Big Picture 13 min read

How to Run a Retrospective That Changes Things

Debriefs improve performance by 25%. Most retros produce sticky notes that nobody acts on. Here is how to fix that.

By Asa Goldstein, QuestWorks

TL;DR

A meta-analysis of 46 studies found debriefs improve team performance by 25%. But most sprint retrospectives fail the follow-through test: roughly 40% of action items are never completed. The problem is not the format. The problem is structural: too many items, no owners, no review cadence, and dominant voices crowding out dissent. Six formats work. The one you rotate matters more than the one you pick. And post-experience debriefs (like post-quest reviews in QuestWorks) outperform scheduled calendar retros because the experience is still fresh.

The retrospective is the most widely practiced team dynamics intervention in software development. Every agile framework includes one. Scrum prescribes it at the end of every sprint. SAFe puts it at the end of every PI. Even teams that abandoned formal agile ceremonies years ago still run some version of "what went well, what didn't."

And yet, ask any team member whether their retros actually change anything, and you will get an uncomfortable pause. A 2022 survey by Parabol found that 35% of retrospective participants felt the meetings were a waste of time. Retrospectives do work. The research is clear on that. The problem is that most teams run them badly.

The Research: Debriefs Work (When Done Right)

Tannenbaum and Cerasoli conducted a meta-analysis across 46 studies involving 2,136 participants and found that debriefs improve effectiveness by approximately 25% on average (d = .67) (Tannenbaum & Cerasoli, 2013). The effect was consistent across simulated and real settings, medical and non-medical contexts, and both team-level and individual-level debriefs.
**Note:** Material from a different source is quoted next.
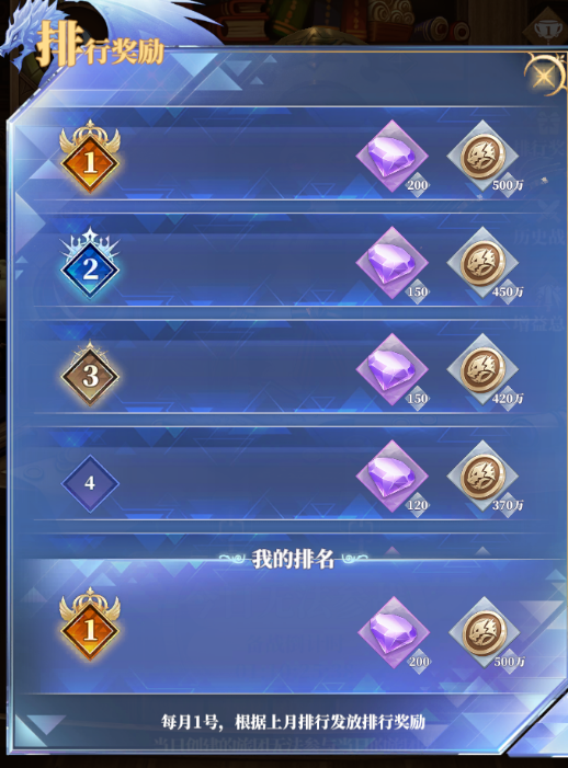 7.每月1号会根据旅团排名发放排行奖励,能获得海量钻石与金币。

Three factors amplified the effect: alignment (the debrief focused on the same behaviors being measured), facilitation (a skilled facilitator guided the process), and structure (the debrief followed a defined format rather than open-ended discussion). The implication is that unstructured "how do you feel about the sprint" conversations leave most of the 25% improvement on the table.

Separate research from West (2000) on team reflexivity found that teams who regularly reflect on their processes and adapt them outperform teams that do not, with the effect being strongest in complex, uncertain environments (West, 2000). Software development qualifies as both complex and uncertain.

Six Retrospective Formats That Work

Format matters less than consistency. But rotating formats every 4 to 6 cycles prevents the autopilot effect, where teams generate the same observations repeatedly because the prompt never changes.

1. Start-Stop-Continue. Three columns: what should we start doing, stop doing, and continue doing? Simple, fast, works for teams new to retros. Risk: it can feel repetitive after a few cycles.

2. 4Ls (Liked, Learned, Lacked, Longed For). Adds nuance to Start-Stop-Continue by separating positive observations into what was enjoyed versus what was educational, and negative observations into what was missing versus what the team wishes existed. Good for teams that need to build a more reflective habit.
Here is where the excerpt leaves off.